What to work on: Repeat the records below exactly from the line containing "På facebook har" to the line containing "Recycled Sand Free", taking in both of those lines. Drop the pictures.

Records provided:
========================

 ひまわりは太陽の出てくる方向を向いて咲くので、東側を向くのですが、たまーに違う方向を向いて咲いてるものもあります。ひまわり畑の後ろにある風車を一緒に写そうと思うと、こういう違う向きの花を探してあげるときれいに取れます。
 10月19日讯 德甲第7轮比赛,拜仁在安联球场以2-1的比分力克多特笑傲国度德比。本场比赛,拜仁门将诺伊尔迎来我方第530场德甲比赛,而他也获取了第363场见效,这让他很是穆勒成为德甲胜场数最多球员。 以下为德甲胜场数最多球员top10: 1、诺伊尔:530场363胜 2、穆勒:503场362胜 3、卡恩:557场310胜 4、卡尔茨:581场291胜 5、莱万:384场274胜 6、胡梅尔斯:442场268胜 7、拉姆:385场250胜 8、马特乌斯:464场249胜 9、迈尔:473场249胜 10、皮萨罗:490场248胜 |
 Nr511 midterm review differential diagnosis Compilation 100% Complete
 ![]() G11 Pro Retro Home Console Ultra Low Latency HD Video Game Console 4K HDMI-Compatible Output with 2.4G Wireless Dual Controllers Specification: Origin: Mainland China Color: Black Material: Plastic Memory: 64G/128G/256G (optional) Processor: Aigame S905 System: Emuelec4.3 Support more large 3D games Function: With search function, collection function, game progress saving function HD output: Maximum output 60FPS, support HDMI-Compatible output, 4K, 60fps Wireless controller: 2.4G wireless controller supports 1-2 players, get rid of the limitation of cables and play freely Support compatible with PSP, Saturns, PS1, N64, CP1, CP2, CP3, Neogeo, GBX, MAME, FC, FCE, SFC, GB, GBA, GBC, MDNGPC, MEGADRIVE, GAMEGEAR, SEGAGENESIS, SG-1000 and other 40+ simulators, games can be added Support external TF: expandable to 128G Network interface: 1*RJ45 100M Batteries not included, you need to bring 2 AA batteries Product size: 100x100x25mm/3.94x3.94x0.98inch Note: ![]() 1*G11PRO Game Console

========================

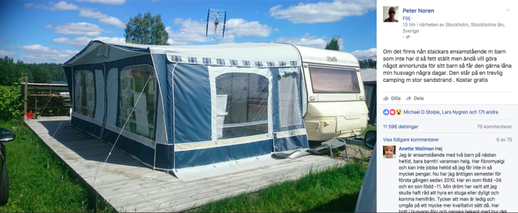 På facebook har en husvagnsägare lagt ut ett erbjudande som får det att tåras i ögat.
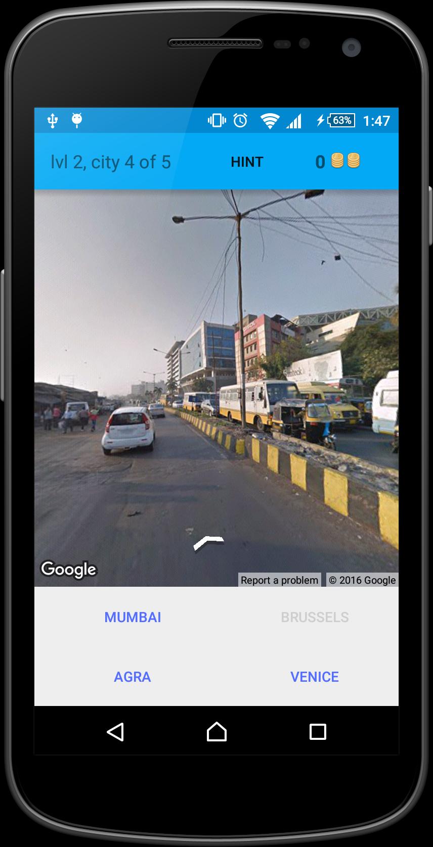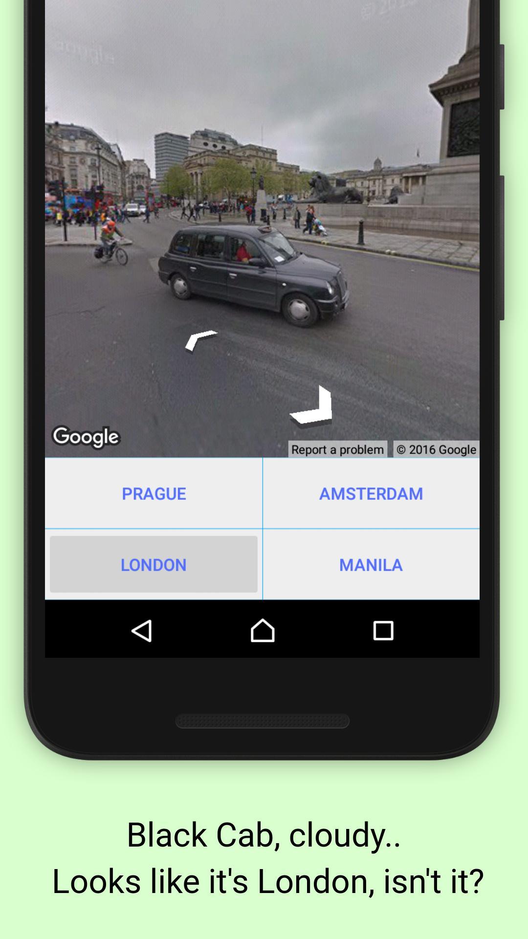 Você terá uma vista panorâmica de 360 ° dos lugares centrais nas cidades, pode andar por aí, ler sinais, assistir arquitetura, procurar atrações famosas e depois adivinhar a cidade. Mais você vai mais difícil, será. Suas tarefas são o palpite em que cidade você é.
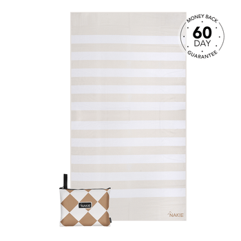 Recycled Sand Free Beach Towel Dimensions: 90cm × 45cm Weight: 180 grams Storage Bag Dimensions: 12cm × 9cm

========================

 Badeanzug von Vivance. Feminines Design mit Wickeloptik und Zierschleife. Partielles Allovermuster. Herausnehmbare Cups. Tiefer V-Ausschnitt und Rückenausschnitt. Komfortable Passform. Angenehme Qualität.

========================

Task response:
 På facebook har en husvagnsägare lagt ut ett erbjudande som får det att tåras i ögat.
 Você terá uma vista panorâmica de 360 ° dos lugares centrais nas cidades, pode andar por aí, ler sinais, assistir arquitetura, procurar atrações famosas e depois adivinhar a cidade. Mais você vai mais difícil, será. Suas tarefas são o palpite em que cidade você é.
 Recycled Sand Free Beach Towel Dimensions: 90cm × 45cm Weight: 180 grams Storage Bag Dimensions: 12cm × 9cm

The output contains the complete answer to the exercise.